I was recently tasked with learning and developing OAuth 1.0A and 2.0 servers, and it got me thinking about the use of OAuth when dealing with loosely coupled systems and software as a service. Having completed the task of writing an OpenID Server in the past, after I completed work on the OAuth server, I think I finally have a really firm understanding of the true differences between authorization vs. authentication. Given this, I imagined OAuth and OpenID as the central hub for authorized activities in a series of loosely coupled systems, but the difference between the two and what they do was incredibly difficult to integrate in my head. My local application would have additional capabilities saying that it really didn’t need to get authorization to get access keys, where as any other application would be forced to. This appeared to require additional capabilities, but I think that there might be a way to do this, and the only thing that I would need to remove is the authorize page for auto authorized applications.
Either way, I’m going to talk through a process flow really quick and push this out into the world. If you don’t already know what OpenID and OAuth are, then you should go out and get some understanding. I’m going to expect a lot of knowledge of their process flows from the get go. I’m not a fan of OAuth 2.0, so most of what I’ll discuss is 1.0A (this is mostly security complaints, non-signed bearer tokens scare the living daylights out of me).
Here is an image that might be able to describe what I’m thinking a bit better than a bunch of words.
All of this follows a very normal web flow. First, you have login which uses OpenID. This is very standard, and I use this all over the place. It gives you an actual identity. OAuth, by default, does nothing of the sort – it is for authorization, not authentication. Now, normally, for any external web application, having the authorization and authentication completely separate is fine. Note that even in my diagram that Login and Authorization flows are completely separated. They should be, as they are two separate activities and ideas. Authorization gives you a token that represents ‘someone’, but you actually have no idea who that is, other than they are authorized and connected to your application and probably to a user id that you are keeping internally. You might have service availability that gives you information about the resource attached to that token (for instance, in Facebook Graph, that would be ‘/me’), but that comes after the fact.
This creates a conundrum – how do I force the attachment between a logged in user on my side, and the OAuth token that I will receive from the Authorization server as well, without extending OAuth (because I want to make my stuff available to non-internal applications eventually). You could argue that this is all overkill for a little app that I’m writing myself, but this is a really good standard way to make pieces of your application tie in together and to make it so that you could easily give OAuth OR OpenID for external application usage.
Connecting Authorization and Authentication
I was trying to find ways to connect these things together, and I think that one possible way to do so is to have multiple OAuth endpoints – some representing specific users. The identity that you return via OpenID could be used as an OAuth endpoint given the state of parameters or the authorization header sent that is typical in OAuth requests. Using this, you could enforce authorization by a specific user without actually extending the OAuth protocol.
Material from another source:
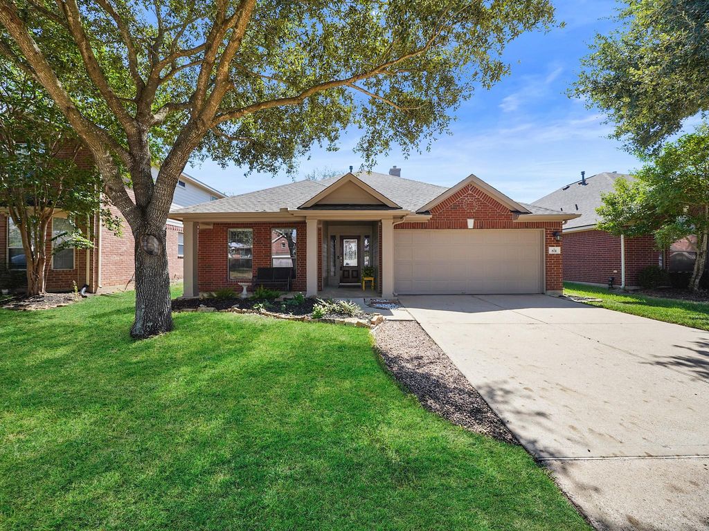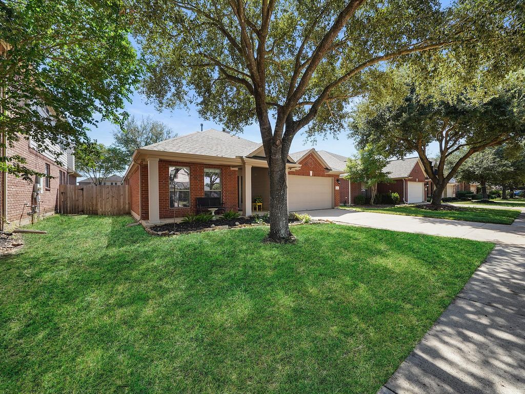 Beautiful one-story home in Falcon Rock offering 3 bedrooms, 2 bathrooms, and over 2,000 sq ft of comfortable living space. Wide plank polyurethane oak floors flow throughout the open design, while foam insulation helps greatly reduce energy costs and outside noise. Updates include a freshly painted interior, new roof (2025), HVAC less than 2 years old, water heater less than 5 years old, and a dishwasher less than a year old. The spacious living room features crown molding and a passthrough fireplace that connects to the dining space. The kitchen is equipped with granite countertops, abundant cabinetry, and a bright breakfast area with bay window. The private primary suite offers high ceilings and an ensuite with dual vanities, soaking tub, and separate shower. Secondary bedrooms are generously sized, while flexible spaces allow for dining, office, or playroom use. A shaded patio and backyard with mature trees complete this inviting home near shopping, dining, and Katy ISD schools.
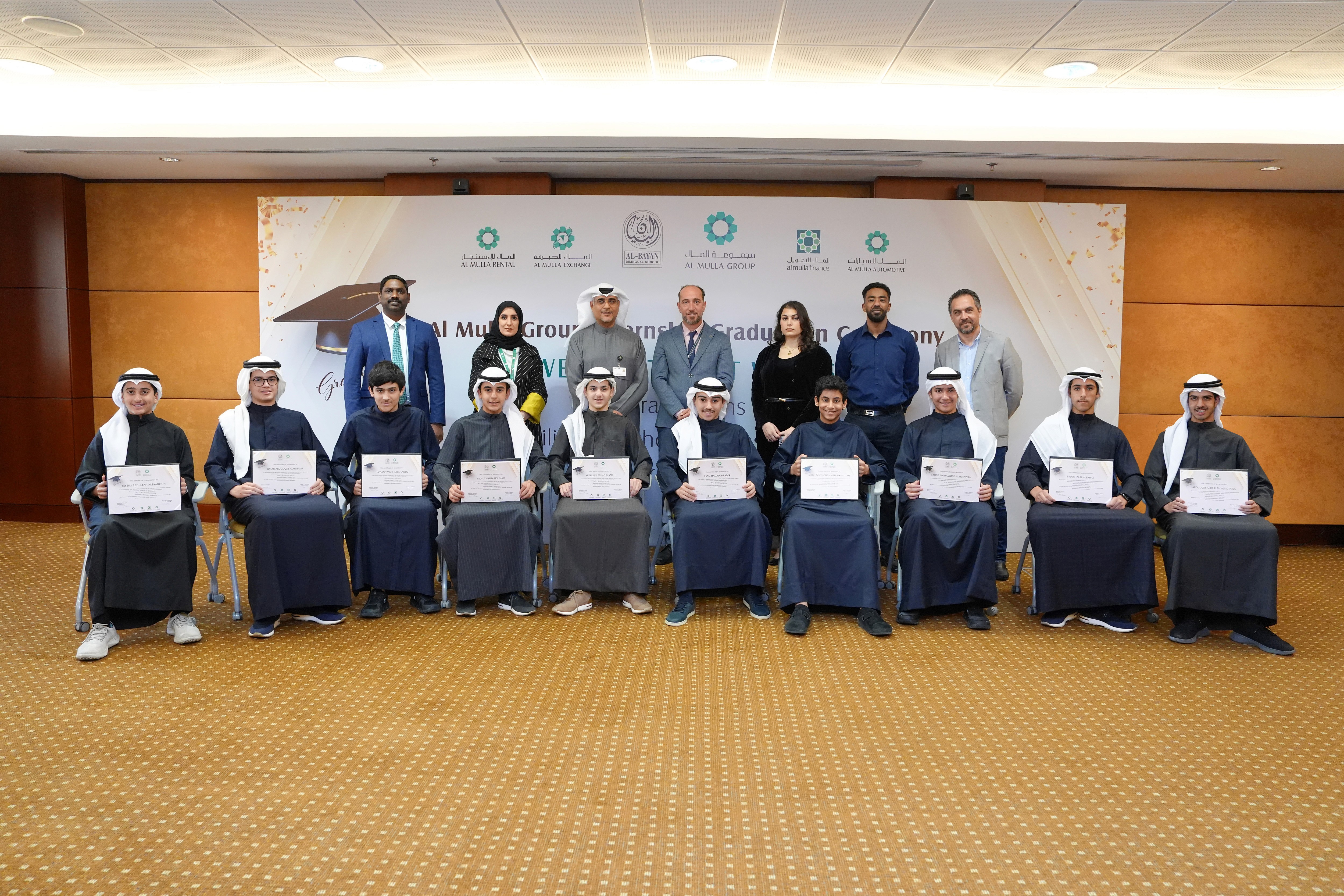 The program concluded with a graduation ceremony at Al Mulla Group’s Head Office in Shuwaikh, where certificates were presented to the interns by Mr. Faisal Almatar, Director of Group Human Resources; Ms. Maryam Al Kandari, Manager of Human Resources; and Mr. Mahendran Lakshmanan, Senior Manager – Human Resources, Al Mulla Automotive. Representatives from BBS senior management, along with members of Al Mulla Group’s Human Resources and Corporate Communications teams, joined the celebration to recognize the students’ enthusiasm, dedication, and outstanding engagement throughout the program.

At this point, I would like to make clear that this is only really feasibly secure via the OAuth 1.0A standard as defined. One problem solved in 1.0A not solved in 2.0 that breaks this is that you could change the url that you are directed to in 2.0, which would be hugely problematic especially if for your own web application you were hoping to avoid the authorization screen (essentially auto-authorize, which could be an application capability you could attach to application keys – but that you would attach only to your own). Since 1.0A has a standard way of signing which includes the URI base in the string it supplies to the digest, trying to gain the capabilities of another user by changing the base URI would result in failed signature verification. This type of signing, and the nature of the strings supplied to the signature hash, are a perfect example of why OAuth 1.0A is superior to 2.0.
With that out of the way, you could logically build an app that first requested an OpenID Identity from the authorization server. Let’s say that the identity returned was
“http://www.paulsalcido.com/user/paulsalcido”. Using a properly developed OAuth endpoint, and with an application key for my personal web application that included an auto-authorization capability, I could get my request key and redirect to the endpoint “http://www.paulsalcido.com/user/paulsalcido”, where, because it had oauth parameters or headers, I could require that the user represented by the identity become the logged in user, then either get authorization or skip it for auto-auth application keys (auth is all up to the server implementation anyhow).
Now, if you were to code your entire code base using the OAuth model with SaaS, then opening up either a) OpenID and/or b) OAuth is incredibly simple, especially if you have a non-OpenID identity OAuth endpoint (for instance, http://www.paulsalcido.com/oauth/, etc.). External applications would not have the same need of attaching OpenID and OAuth together – only your internal application where it is expected behavior of a primary web application interface.
I don’t know if this is SOA overkill, but thought it would be something interesting to mention because I’ve been thinking about it a lot.